I get in this cab and the first thing I notice is a greasy paper plate from the very same pizza place I was just at. I'm instantly uncomfortable. The walls around me seem to be closing in. I find immediate statisfaction in lowering my window completely and shoving my head outside. Cruising down portage on a cool evening after spending ten hours in a kitchen is quite nice. I check my phone and scan through the instagram photos and I'm again hit with this feeling that can be either good or bad. But I'm a rather isolated guy from the rest of the world. I don't know exactly when it all happened either. But I spend an extraordinary time by myself outside of work.
It's hard to really put into perspective for you guys. But looking through those photos gave me the feeling of peeking through the window of other lives. And I know the internet is this huge mirage of success and fun because people have the power to present themselves in a certain way on the internet and they use that power. I think we all do. From the snazzy profile pic to the updates of our world travels.
I'm more alone than i've ever been in my entire life (don't worry mom) and i'm also changing as an individual. Have you ever felt yourself changing? I guess people call this growing up. My friends are busy people. Two of my closest friends are in Orlando right now cheering their asses off at worlds. I hope they know they lift me up in a different way. And I haven't really had the chance to just sit down and have a beer with them in what feels like forever. April has just been sliding by..(This is a total trail off of thought and now I'll return)
But I digress. I'm sitting in this cab and i'm on my phone flipping through everyone's lives and steadily becoming convinced that I'm always going to be alone. It's the balance that I need to find. Because here I am groaning about loneliness but I choose it most of the time. I tend to feel alone in large crowds. Preferring a quieter setting with a good conversation.

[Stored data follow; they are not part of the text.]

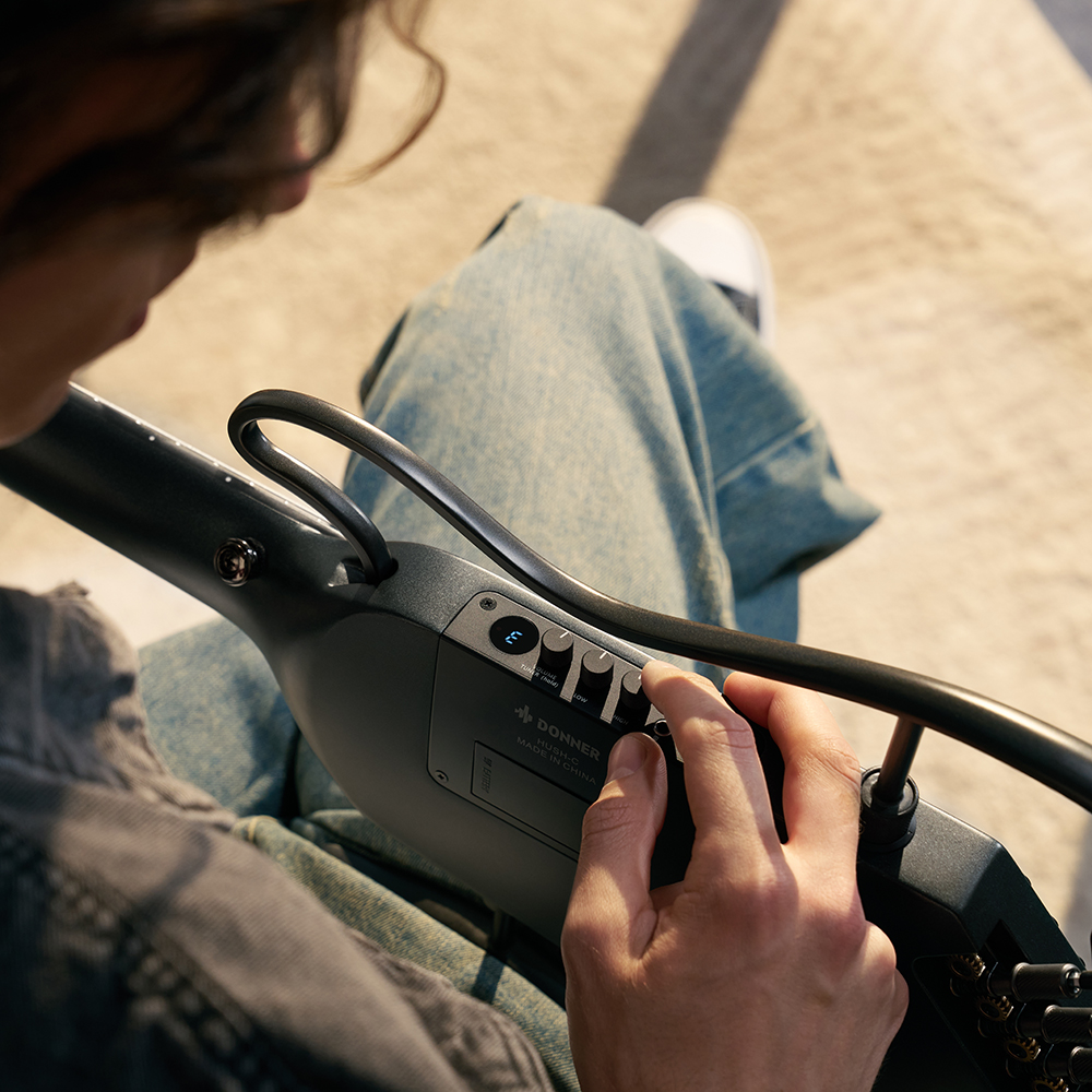 A HUSH™ C nylon húros elektromos gitár a kényelem, a hordozhatóság és a teljesítmény tökéletes ötvözete. Fej nélküli kialakításával, gyorskioldó keretével és beépített hangolójával zökkenőmentes, természetes hangzást biztosít a speciális piezo pickup és a DONNER HPS-II rendszernek köszönhetően. Akár otthon gyakorolsz, akár szabadtéren lépsz fel, a HUSH™ C könnyű, sokoldalú és könnyen szállítható. Ideális kezdőknek és haladóknak egyaránt, kivételes játékélményt és hangminőséget biztosít. Vidd magaddal a zenédet bárhová a HUSH™ C-vel!
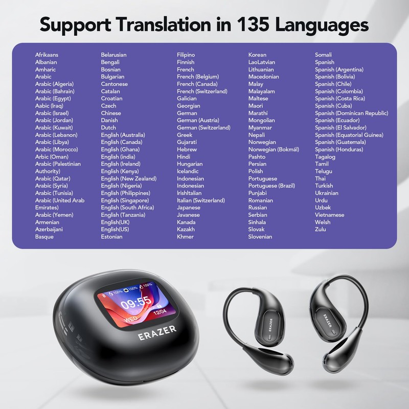 AHEYE XP7 AI Translation Earbuds, 3-in-1 Language Translator Earbuds Real Time in 135 Languages & Accents with APP, OWS Open Ear Bluetooth 5.4 Headphones with Touch Control Screen for Travel Learning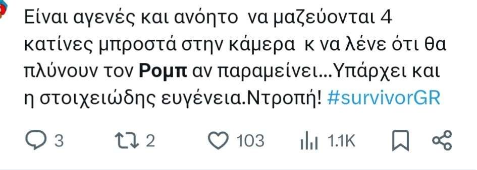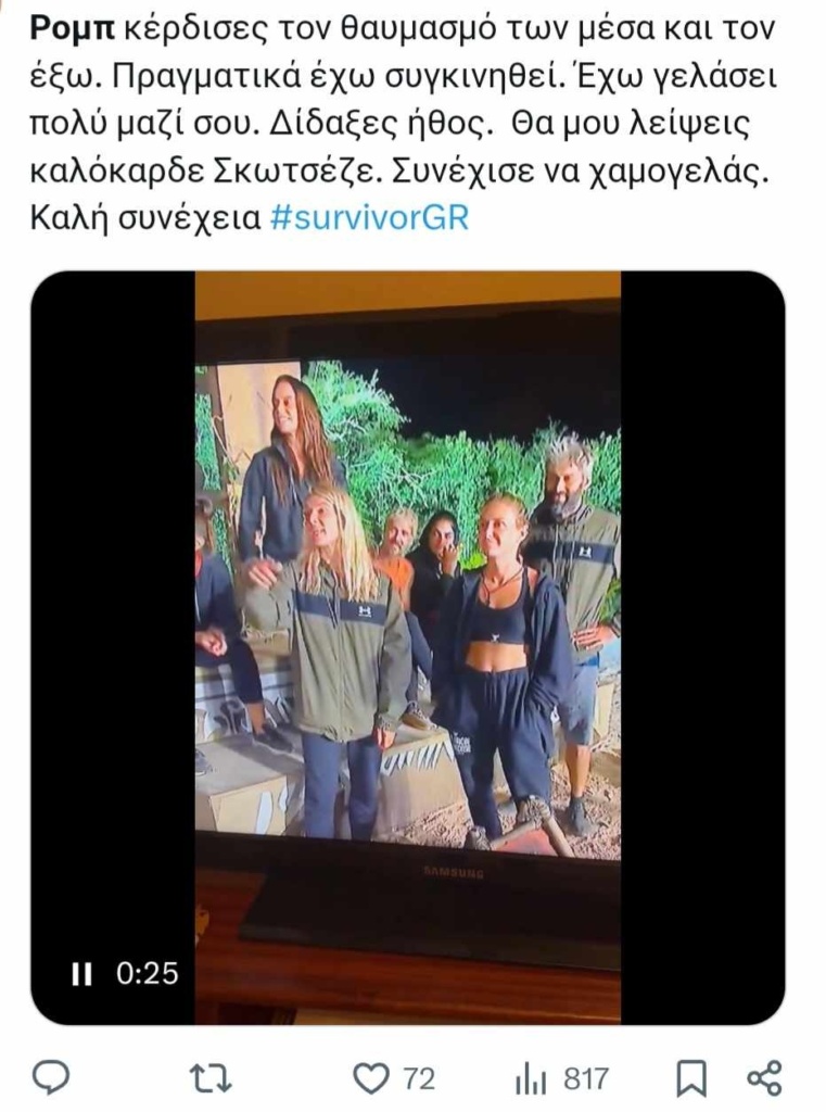 Μπραβο σου Ρομπ άφησες τις καλυτερες εντυπώσεις !!👏👏👏ολο το twitter σε εκτιμάει κ σαγαπαει 👏❤️#survivorGR

My god, I love a good conversation. And so I look up and try my luck with the cab driver. He's startled by my sudden voice. But we get to talking and he's from the Ukraine. Came here because of the violence. I suppose this is the Canadian dream. His wife is a school teacher, he has two kids. They do what they have to do to make the ends meet. We talked politics, the war, society. Soon i'm in front of my apartment. Maybe a little too soon. I know the walls will close in again. I tip him well. He swivels in his seat, suprised, and thanks me earnestly.
Nah, thank you.
I drag myself up the stairs and start the water for my nightly bath. My brain pulses with creativity. My body aches and I remind myself to:
a)always have a cold beer or gin and tonic waiting for me at home
b)to get a fucking car already
c) write more
A girl at my work is leaving and it sucks because, she's everything a poet needs to be inspired. You'd have to meet her. But I wrote something not necessarily about her. I don't ever really write about people in specific. I find it stifles creativity. But it's the aura people release sometimes. Some people are just characters.
She was cultured
The world behind the words she spoke
Had been to the moon and back
Still she'd rather hangout in bed
Watching old sitcoms
Blowing dust off cd-roms
Playing mixes I made and sweated over a little too much
Trying to find something in myself I could never touch
Tried to hide my cold eyes with lavish gestures and vicious lies
But she believed in me.
I swear..I
Lost my train of thought
I just saw the bright lights dissapear
No choice but to trail away
If you drive really fast down the main strip. Things become a blur. And you can just feel the energy. The heartbeat of the city.